* _Source data_:
============================================================

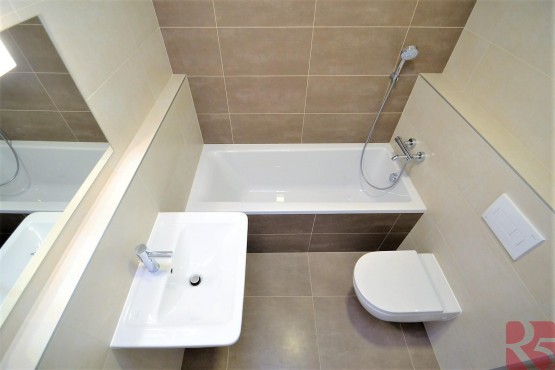 Koupelna je vybavena umyvadlem se zrcadlem a vanou.
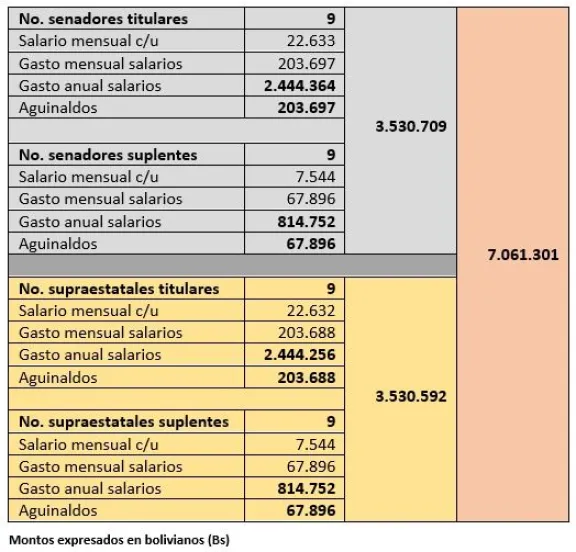 Considerando la propuesta de Paz Pereira —la de crear cinco diputaciones—, el monto requerido anualmente para cubrir estos ítems sería de Bs 1.961.440 (un millón novecientos sesenta y un mil cuatrocientos cuarenta), sumando salarios y aguinaldos.
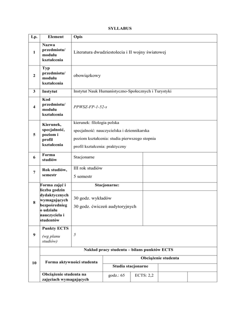 SYLLABUS Lp. Element Opis 1 Nazwa przedmiotu/ modułu kształcenia Literatura dwudziestolecia i II wojny światowej 2 Typ przedmiotu/ modułu kształcenia obowiązkowy 3 Instytut Instytut Nauk Humanistyczno-Społecznych i Turystyki 4 Kod przedmiotu/ modułu kształcenia PPWSZ-FP-1-52-s 5 Kierunek, specjalność, poziom i profil kształcenia 6 Forma studiów 7 Rok studiów, semestr 8 Forma zajęć i liczba godzin dydaktycznych wymagających bezpośrednieg o udziału nauczyciela i studentów kierunek: filologia polska specjalność: nauczycielska i dziennikarska poziom kształcenia: studia pierwszego stopnia profil kształcenia: praktyczny Stacjonarne III rok studiów 5 semestr Stacjonarne: 30 godz. wykładów 30 godz. ćwiczeń audytoryjnych Punkty ECTS 9 (wg planu studiów) 5 Nakład pracy studenta – bilans punktów ECTS 10 Obciążenie studenta Forma aktywności studenta Studia stacjonarne Obciążenie studenta na zajęciach wymagających godz.: 65 ECTS: 2,2 bezpośredniego udziału nauczycieli akademickich, w tym: Udział w wykładach (godz.) 30 Udział w ćwiczeniach/ seminariach/ zajęciach praktycznych/ praktykach zawodowych (godz.) 30 Dodatkowe godziny kontaktowe z nauczycielem (godz.) 4 Udział w egzaminie (godz.) 1 Obciążenie studenta związane z nauką samodzielną, w tym: godz.: 85 ECTS: 2,8 Samodzielne studiowanie tematyki zajęć/ przygotowanie się do ćwiczeń (godz.) 60 Przygotowanie do zaliczenia/ egzaminu (godz.) 15 Wykonanie prac zaliczeniowych (referat, projekt, prezentacja itd.) (godz.) 10 Obciążenie studenta w ramach zajęć związanych z praktycznym przygotowaniem zawodowym godz.: ECTS: godz.: 150 ECTS: 5 Suma (obciążenie studenta na zajęciach wymagających bezpośredniego udziału nauczycieli akademickich oraz związane z nauką samodzielną) 11 Nauczyciel akademicki odpowiedzial ny za dr Ewa Nadolska- Mętel przedmiot/ moduł (egzaminując y) 12 Nauczyciele akademiccy prowadzący przedmiot/ dr Ewa Nadolska- Mętel moduł zaliczone co najmniej dwa z trzech modułów historycznoliterackich: 13 14 Wymagania literatura staropolska, literatura romantyzmu, literatura pozytywizmu i (kompetencje) Młodej Polski wstępne rozumienie najważniejszych dzieł i procesów literatury polskiej 1918Założenia i 1945; znajomość podstawowych faktów i procesów ówczesnej kultury literackiej, umiejętność samodzielnej, a zarazem adekwatnej cele historycznie oraz estetycznie analizy i interpretacji tekstu literackiego przedmiotu Opis efektów kształcenia w zakresie: Odniesienie do kierunkowych efektów kształcenia Odniesienie do efektów kształcenia dla obszaru WIEDZY Student zna kanon literatury polskiej lat 1918-45, a także wybrane teksty z W1 kanonu literatury światowej. W2 15 Efekty kształcenia W3 W4 Student potrafi wskazać przemiany zachodzące na przestrzeni czasu w kwestii recepcji dzieł literackich i określić jej przyczyny Student zna i rozumie estetyczną i ideologiczną swoistość literatury XXlecia i literatury czasu II wojny światowej, a także ich wewnętrzne estetyczne i ideologiczne bogactwo. Student posiada podstawową wiedzę o antropologicznych i filozoficznych kontekstach literatury lat 1918-1945. Potrafi wykorzystać je w interpretacji dzieła literackiego H1P_W01 H1P_W02 K_W01 H1P_W03 H1P_W04, K_W10 H1P_W01, H1P_W02, K_W04, H1P_W04, H1P_W03 H1P_W01 K_W05, H1P_W02 UMIEJĘTNOŚCI U1 Potrafi samodzielnie wyszukiwać, poddawać selekcji, hierarchizacji i analizie informacje dotyczące literatury dwudziestolecia i II wojny światowej, wykorzystując różne źródła i sposoby kwerendy. H1P_U01 K_U06 H1P_U11 U2 U3 Potrafi samodzielnie dokonać analizy i interpretacji literatury dwudziestolecia i II wojny światowej w kontekście biograficznym, historyczno-literackim i kulturowym Student potrafi przygotować samodzielną ustną wypowiedź analizującą i interpretującą tekst literacki, uwzględniając jego konteksty kulturowe: literackie, historyczne, artystyczne, filozoficzne. K_U01-04 K_U10 K_U11 K_U13 K_U14 H1P_U0103 H1P_U0910 H1P_U1213 H1P_U0103 K_U01-04 K_U13 K_U14 H1P_U0910 H1P_U1213 KOMPETENCJI SPOŁECZNYCH 16 Treści kształcenia K1 Potrafi samodzielnie rozwijać swoją wiedzę dotyczącą literatury dwudziestolecia i II wojny światowej K_K01 H1P_K01 K2 Rozwija swoje zdolności do samodzielnej, krytycznej analizy procesów politycznych, społecznych, kulturowych i ich wzajemnej korelacji. Zdobyta wiedza pozwala mu świadomie uczestniczyć w życiu społecznym i stymuluje jego rozwój osobisty K_K03 H1P_K03 K3 Aktywnie uczestniczy kulturalnym K_K06 w życiu H1P_K06 literatura polska od roku 1918 do roku 1945: kanon, wewnętrzna periodyzacja, najważniejsze prądy estetyczno-literackie epoki i ich uwarunkowania kulturowe; analiza historycznoliteracka i interpretacja wybranych tekstów epoki; wybrane zagadnienia kultury literackiej epoki: ugrupowania literackie, manifesty, czasopisma; wybrane zagadnienia z literatury powszechnej; zagadnienie własności intelektualnej Wykłady: Wykład wstępny: granice czasowe omawianych zjawisk, pojęcie modernizmu, pojęcie procesu historycznoliterackiego; Poezja dwudziestolecia: grupy poetyckie, najwybitniejsi przedstawiciele, manifesty literackie, dynamika procesu historyczno-literackiego; Fenomen: Leśmian; Awangarda Krakowska: zręby poetyki; Katastrofizm w poezji dwudziestolecia; Proza dwudziestolecia: charakterystyka ogólna, główne nurty i dynamika procesu historycznoliterackiego; Starzy mistrzowie: Żeromski, Strug, Reymont, Świętochowski; Fenomen: Berent; Proza psychologiczna: Nałkowska, Dąbrowska, Choromański, Kuncewiczowa, Iwaszkiewicz; Grupa „Przedmieście” - zręby poetyki; Fenomen: Schulz; Dramat dwudziestolecia: uwagi ogólne, przegląd najważniejszych twórców i ich dokonań; Fenomen: Witkacy; Literatura czasu wojny: uwagi ogólne, rys syntetyczny zjawiska; Fenomen: Baczyński i środowisko „Sztuki i Narodu”. 17 Stosowane metody dydaktyczne wykład informacyjny, wyk

============================================================

* _Assigned task_:
The listing must be returned in full and exactly, apart from its pictures.

* _Task output_:
 Koupelna je vybavena umyvadlem se zrcadlem a vanou.
 Considerando la propuesta de Paz Pereira —la de crear cinco diputaciones—, el monto requerido anualmente para cubrir estos ítems sería de Bs 1.961.440 (un millón novecientos sesenta y un mil cuatrocientos cuarenta), sumando salarios y aguinaldos.
 SYLLABUS Lp. Element Opis 1 Nazwa przedmiotu/ modułu kształcenia Literatura dwudziestolecia i II wojny światowej 2 Typ przedmiotu/ modułu kształcenia obowiązkowy 3 Instytut Instytut Nauk Humanistyczno-Społecznych i Turystyki 4 Kod przedmiotu/ modułu kształcenia PPWSZ-FP-1-52-s 5 Kierunek, specjalność, poziom i profil kształcenia 6 Forma studiów 7 Rok studiów, semestr 8 Forma zajęć i liczba godzin dydaktycznych wymagających bezpośrednieg o udziału nauczyciela i studentów kierunek: filologia polska specjalność: nauczycielska i dziennikarska poziom kształcenia: studia pierwszego stopnia profil kształcenia: praktyczny Stacjonarne III rok studiów 5 semestr Stacjonarne: 30 godz. wykładów 30 godz. ćwiczeń audytoryjnych Punkty ECTS 9 (wg planu studiów) 5 Nakład pracy studenta – bilans punktów ECTS 10 Obciążenie studenta Forma aktywności studenta Studia stacjonarne Obciążenie studenta na zajęciach wymagających godz.: 65 ECTS: 2,2 bezpośredniego udziału nauczycieli akademickich, w tym: Udział w wykładach (godz.) 30 Udział w ćwiczeniach/ seminariach/ zajęciach praktycznych/ praktykach zawodowych (godz.) 30 Dodatkowe godziny kontaktowe z nauczycielem (godz.) 4 Udział w egzaminie (godz.) 1 Obciążenie studenta związane z nauką samodzielną, w tym: godz.: 85 ECTS: 2,8 Samodzielne studiowanie tematyki zajęć/ przygotowanie się do ćwiczeń (godz.) 60 Przygotowanie do zaliczenia/ egzaminu (godz.) 15 Wykonanie prac zaliczeniowych (referat, projekt, prezentacja itd.) (godz.) 10 Obciążenie studenta w ramach zajęć związanych z praktycznym przygotowaniem zawodowym godz.: ECTS: godz.: 150 ECTS: 5 Suma (obciążenie studenta na zajęciach wymagających bezpośredniego udziału nauczycieli akademickich oraz związane z nauką samodzielną) 11 Nauczyciel akademicki odpowiedzial ny za dr Ewa Nadolska- Mętel przedmiot/ moduł (egzaminując y) 12 Nauczyciele akademiccy prowadzący przedmiot/ dr Ewa Nadolska- Mętel moduł zaliczone co najmniej dwa z trzech modułów historycznoliterackich: 13 14 Wymagania literatura staropolska, literatura romantyzmu, literatura pozytywizmu i (kompetencje) Młodej Polski wstępne rozumienie najważniejszych dzieł i procesów literatury polskiej 1918Założenia i 1945; znajomość podstawowych faktów i procesów ówczesnej kultury literackiej, umiejętność samodzielnej, a zarazem adekwatnej cele historycznie oraz estetycznie analizy i interpretacji tekstu literackiego przedmiotu Opis efektów kształcenia w zakresie: Odniesienie do kierunkowych efektów kształcenia Odniesienie do efektów kształcenia dla obszaru WIEDZY Student zna kanon literatury polskiej lat 1918-45, a także wybrane teksty z W1 kanonu literatury światowej. W2 15 Efekty kształcenia W3 W4 Student potrafi wskazać przemiany zachodzące na przestrzeni czasu w kwestii recepcji dzieł literackich i określić jej przyczyny Student zna i rozumie estetyczną i ideologiczną swoistość literatury XXlecia i literatury czasu II wojny światowej, a także ich wewnętrzne estetyczne i ideologiczne bogactwo. Student posiada podstawową wiedzę o antropologicznych i filozoficznych kontekstach literatury lat 1918-1945. Potrafi wykorzystać je w interpretacji dzieła literackiego H1P_W01 H1P_W02 K_W01 H1P_W03 H1P_W04, K_W10 H1P_W01, H1P_W02, K_W04, H1P_W04, H1P_W03 H1P_W01 K_W05, H1P_W02 UMIEJĘTNOŚCI U1 Potrafi samodzielnie wyszukiwać, poddawać selekcji, hierarchizacji i analizie informacje dotyczące literatury dwudziestolecia i II wojny światowej, wykorzystując różne źródła i sposoby kwerendy. H1P_U01 K_U06 H1P_U11 U2 U3 Potrafi samodzielnie dokonać analizy i interpretacji literatury dwudziestolecia i II wojny światowej w kontekście biograficznym, historyczno-literackim i kulturowym Student potrafi przygotować samodzielną ustną wypowiedź analizującą i interpretującą tekst literacki, uwzględniając jego konteksty kulturowe: literackie, historyczne, artystyczne, filozoficzne. K_U01-04 K_U10 K_U11 K_U13 K_U14 H1P_U0103 H1P_U0910 H1P_U1213 H1P_U0103 K_U01-04 K_U13 K_U14 H1P_U0910 H1P_U1213 KOMPETENCJI SPOŁECZNYCH 16 Treści kształcenia K1 Potrafi samodzielnie rozwijać swoją wiedzę dotyczącą literatury dwudziestolecia i II wojny światowej K_K01 H1P_K01 K2 Rozwija swoje zdolności do samodzielnej, krytycznej analizy procesów politycznych, społecznych, kulturowych i ich wzajemnej korelacji. Zdobyta wiedza pozwala mu świadomie uczestniczyć w życiu społecznym i stymuluje jego rozwój osobisty K_K03 H1P_K03 K3 Aktywnie uczestniczy kulturalnym K_K06 w życiu H1P_K06 literatura polska od roku 1918 do roku 1945: kanon, wewnętrzna periodyzacja, najważniejsze prądy estetyczno-literackie epoki i ich uwarunkowania kulturowe; analiza historycznoliteracka i interpretacja wybranych tekstów epoki; wybrane zagadnienia kultury literackiej epoki: ugrupowania literackie, manifesty, czasopisma; wybrane zagadnienia z literatury powszechnej; zagadnienie własności intelektualnej Wykłady: Wykład wstępny: granice czasowe omawianych zjawisk, pojęcie modernizmu, pojęcie procesu historycznoliterackiego; Poezja dwudziestolecia: grupy poetyckie, najwybitniejsi przedstawiciele, manifesty literackie, dynamika procesu historyczno-literackiego; Fenomen: Leśmian; Awangarda Krakowska: zręby poetyki; Katastrofizm w poezji dwudziestolecia; Proza dwudziestolecia: charakterystyka ogólna, główne nurty i dynamika procesu historycznoliterackiego; Starzy mistrzowie: Żeromski, Strug, Reymont, Świętochowski; Fenomen: Berent; Proza psychologiczna: Nałkowska, Dąbrowska, Choromański, Kuncewiczowa, Iwaszkiewicz; Grupa „Przedmieście” - zręby poetyki; Fenomen: Schulz; Dramat dwudziestolecia: uwagi ogólne, przegląd najważniejszych twórców i ich dokonań; Fenomen: Witkacy; Literatura czasu wojny: uwagi ogólne, rys syntetyczny zjawiska; Fenomen: Baczyński i środowisko „Sztuki i Narodu”. 17 Stosowane metody dydaktyczne wykład informacyjny, wyk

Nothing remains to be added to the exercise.